Manage Alerts
This topic introduces various alert items from different dimensions, including business continuity, cluster availability, and machine load, and provides corresponding resolutions.
In the following examples, all variables are prefixed with $
. They should be replaced according to your business environment. For example, $job_name
should be replaced with the corresponding Job Name in the Prometheus configuration, and $fe_leader
should be replaced with the IP address of the Leader FE.
Service Suspension Alerts
FE Service Suspension
PromSQL
count(up{group="fe", job="$job_name"}) >= 3
Alert Description
An alert is triggered when the number of active FE nodes falls below a specified value. You can adjust this value based on the actual number of FE nodes.
Resolution
Try to restart the suspended FE node.
BE Service Suspension
PromSQL
node_info{type="be_node_num", job="$job_name",state="dead"} > 1
Alert Description
An alert is triggered when more than one BE node is suspended.
Resolution
Try to restart the suspended BE node.
Machine Load Alerts
BE CPU Alert
PromSQL
(1-(sum(rate(starrocks_be_cpu{mode="idle", job="$job_name",instance=~".*"}[5m])) by (job, instance)) / (sum(rate(starrocks_be_cpu{job="$job_name",host=~".*"}[5m])) by (job, instance))) * 100 > 90
Alert Description
An alert is triggered when BE CPU Utilization exceeds 90%.
Resolution
Check whether there are large queries or large-scale data loading and forward the details to the support team for further investigation.
-
Use the
top
command to check resource usage by processes.top -Hp $be_pid
-
Use the
perf
command to collect and analyze performance data.# Execute the command for 1-2 minutes, and terminate it by pressing CTRL+C.

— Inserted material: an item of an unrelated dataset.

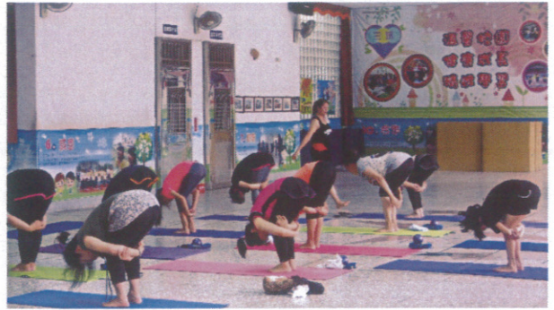
開設社區有氧瑜珈班，傳遞健康知識。

sudo perf top -p $be_pid -g >/tmp/perf.txt
In emergencies, to quickly restore service, you can try to restart the corresponding BE node after preserving the stack. An emergency here refers to a situation where the BE node's CPU utilization remains abnormally high, and no effective means are available to reduce CPU usage.
Memory Alert
PromSQL
(1-node_memory_MemAvailable_bytes{instance=~".*"}/node_memory_MemTotal_bytes{instance=~".*"})*100 > 90
Alert Description
An alert is triggered when memory usage exceeds 90%.
Resolution
Refer to the Get Heap Profile for troubleshooting.

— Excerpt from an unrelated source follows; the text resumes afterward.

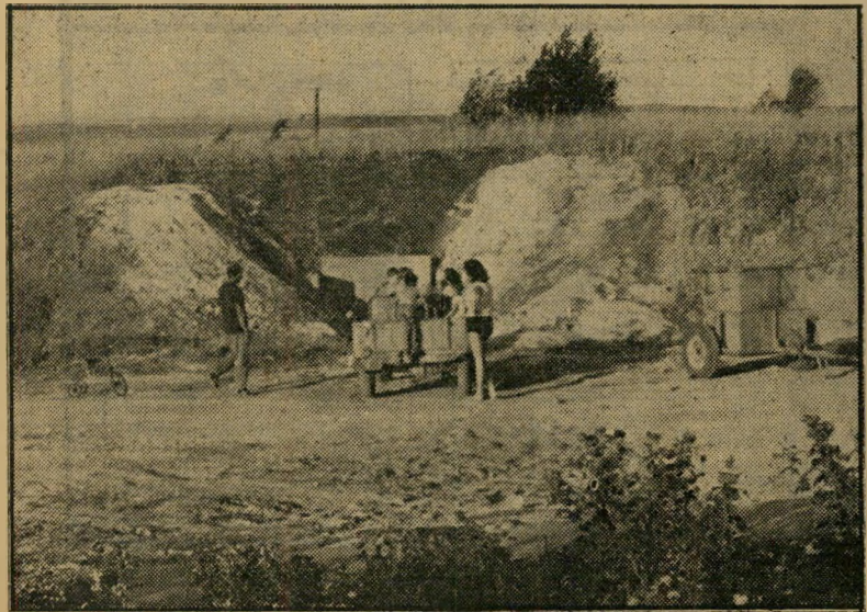
לאנשי המקום משמשת הסוללה על מנת להגן עליהם מפני צליפות אפשריות הממוצבים הסוריים. הסוללה יעילה גם כמקום טיפוס וגלישה לילדי המקום. ביום רגיל יש נדמה כי אוירת המתיחות לא מגיעה כלל אל אנשי המשק.

- In emergencies, you can try to restart the corresponding BE service to restore the service. An emergency here refers to a situation where the BE node's memory usage remains abnormally high, and no effective means are available to reduce memory usage.
- If other mixed-deployed services are affecting the system, you may consider terminating those services in emergencies.
Disk Alerts
Disk Load Alert
PromSQL
rate(node_disk_io_time_seconds_total{instance=~".*"}[1m]) * 100 > 90
Alert Description
An alert is triggered when disk load exceeds 90%.
Resolution
If the cluster triggers a node_disk_io_time_seconds_total
alert, first check if there are any business changes. If so, consider rolling back the changes to maintain the previous resource balance. If no changes are identified or rollback is not possible, consider whether normal business growth is driving the need for resource expansion. You can use the iotop
tool to analyze disk I/O usage. iotop
has a UI similar to top
and includes information such as pid
, user
, and I/O.
You can also use the following SQL query to identify the tablets consuming significant I/O and trace them back to specific tasks and tables.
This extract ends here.